Justice Center for Legal Aid
- Formation: 2008
- Purpose: legal aid
- Headquarters: Amman, Jordan
- Region served: Jordan
- Key people: Hadeel Abdel Aziz, Executive Director
- Website: www.jcla-org.com/en

= Justice Center for Legal Aid =

Non-government organization

Justice Center for Legal Aid (JCLA) is a Jordan-based non-profit and non-governmental organization that was established in 2008 and is registered with the Jordanian Societies Registry.

Since being founded in Amman in 2008, JCLA has expanded from a single legal aid clinic in Amman to Jordan's largest legal aid provider, with 21 clinics spread throughout the country's 12 governorates. JCLA is the first legal aid organization established in Jordan, a country with 13 active organizations that provide legal aid. JCLA defends more clients than the other 12 organizations combined.

Each month, JCLA provides legal consultations to approximately 375 beneficiaries, legal counsel to approximately 150 beneficiaries in 200 cases, and awareness sessions to approximately 3600 vulnerable citizens. Nearly 80 per cent of recipients of the center's services are Jordanian citizens, and between 60 and 70 per cent of them are women who face financial hardships.

==Services==

JCLA holds awareness-raising sessions and informational campaigns targeting people in Jordan to educate them about their rights and obligations under the law. Additionally, it provides legal aid for those who are unable to afford a private lawyer, handling approximately 2000 cases per year as of 2017, with approximately 5000 consultancy cases per year. JCLA also delivers over 1,600 awareness lectures annually, in partnership with several governmental and non-governmental partners. JCLA's legal assistance includes providing legal counseling for both criminal matters as well as civil disputes. JCLA also provides assistance for registration for birth, death, and marriage certificates to allow access to government services.

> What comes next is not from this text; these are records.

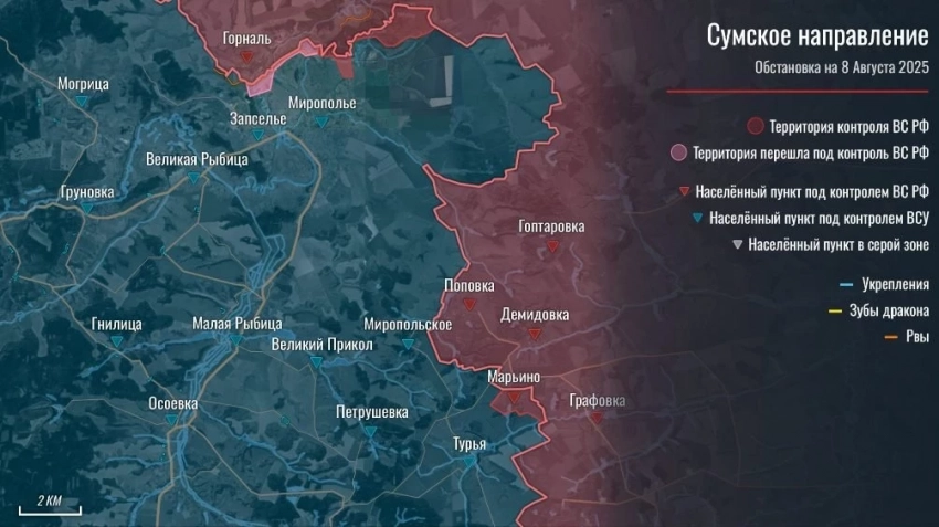 Сумское направление: здесь оперативная пауза, но позиционные бои в районе Кондратовки, Алексеевки и Андреевки продолжаются. В Юнаковке с тяжёлыми боями ВС РФ продвигаются в селе и восточнее него.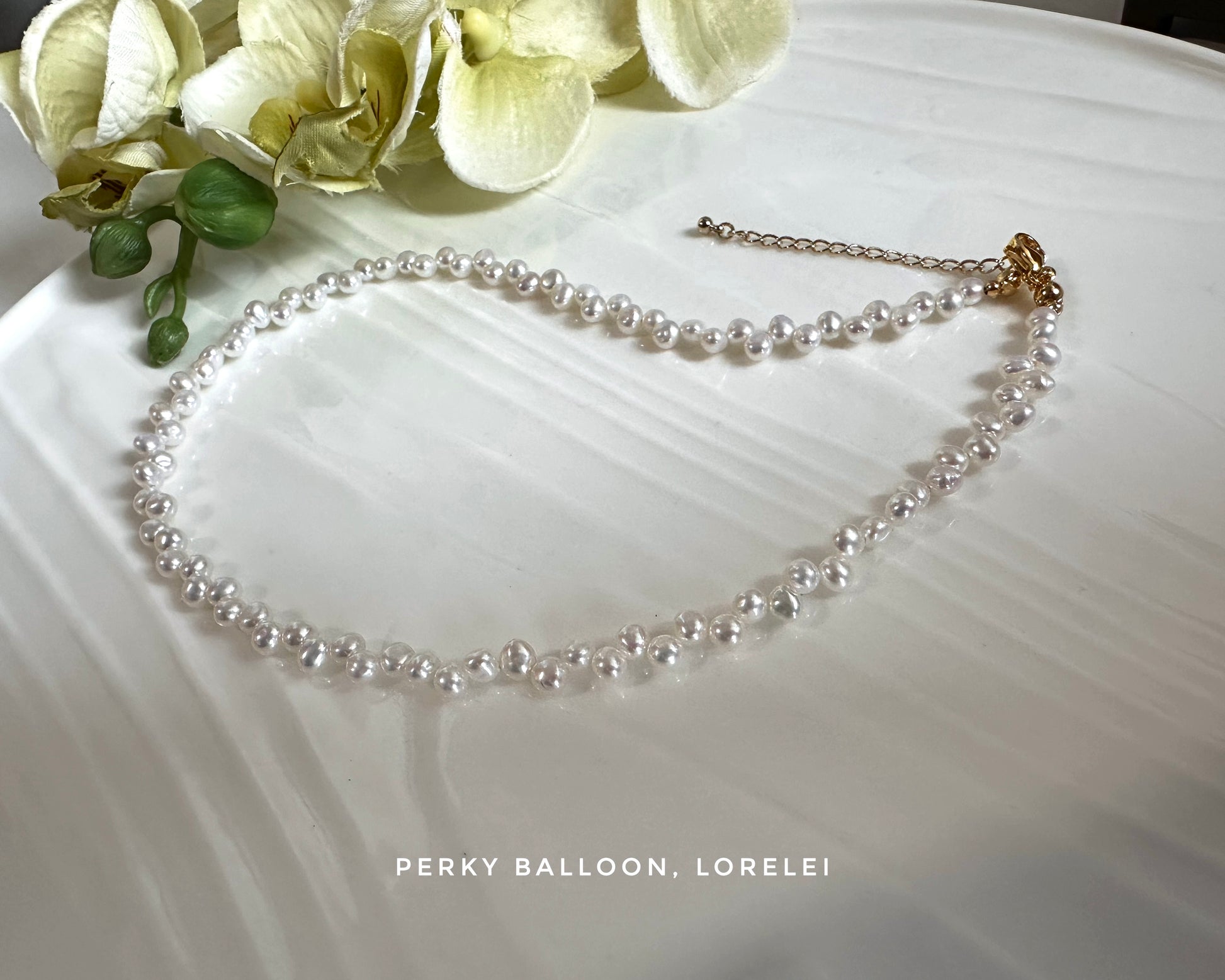 3-4mm迷你巴洛克淡水珍珠,表皮非常光滑,超強光,上身效果好閃,佢打孔嘅位置係類似花瓣珍珠靠邊打,所以穿起上嚟會有蕾絲交錯嘅效果,非常靚,平時咁高質量嘅珍珠好少會咁樣打孔,因為穿一條鏈需要用多好多珍珠啊🤭🤭頸鏈連扣長度大約38+5 cm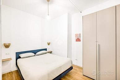 Situato in un edificio in tinta degli anni '50, questo immobile offre uno spazio versatile dove cucina e zona living si fondono in un unico ambiente, separato dalla zona notte e dal bagno, dotato di finestra e doccia.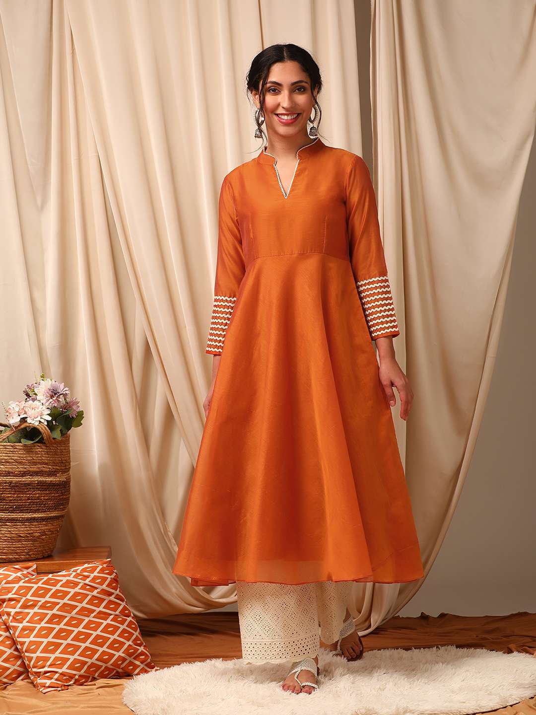 This rust-colored Anarkali Kurta features a mandarin collar and short, regular sleeves. Its pleated design and ankle length with flared hem create a flattering silhouette. With delicate beads and stones detailing, this kurta adds a touch of elegance to any outfit. Crafted from regular chanderi cotton, it offers both comfort and style.

JCLA has programs to support migrants and refugees, women, juveniles, victims of domestic assault, and people with disabilities. JCA provides legal representation and assistance for civil, criminal and family law (sharia) cases.

==Referral Partnerships==

JCLA has over 70 referral partnerships with agencies that refer beneficiaries to JCLA's legal assistance services across 74 locations. These partnerships include government agencies (such as the Ministry of Justice, Ministry of Social Development, and Public Security Directorate) as well as and NGOs (such as the Norwegian Refugee Council, the Iraqi Refugee Assistance Program, Ruwwad and Tkiyet Um Ali).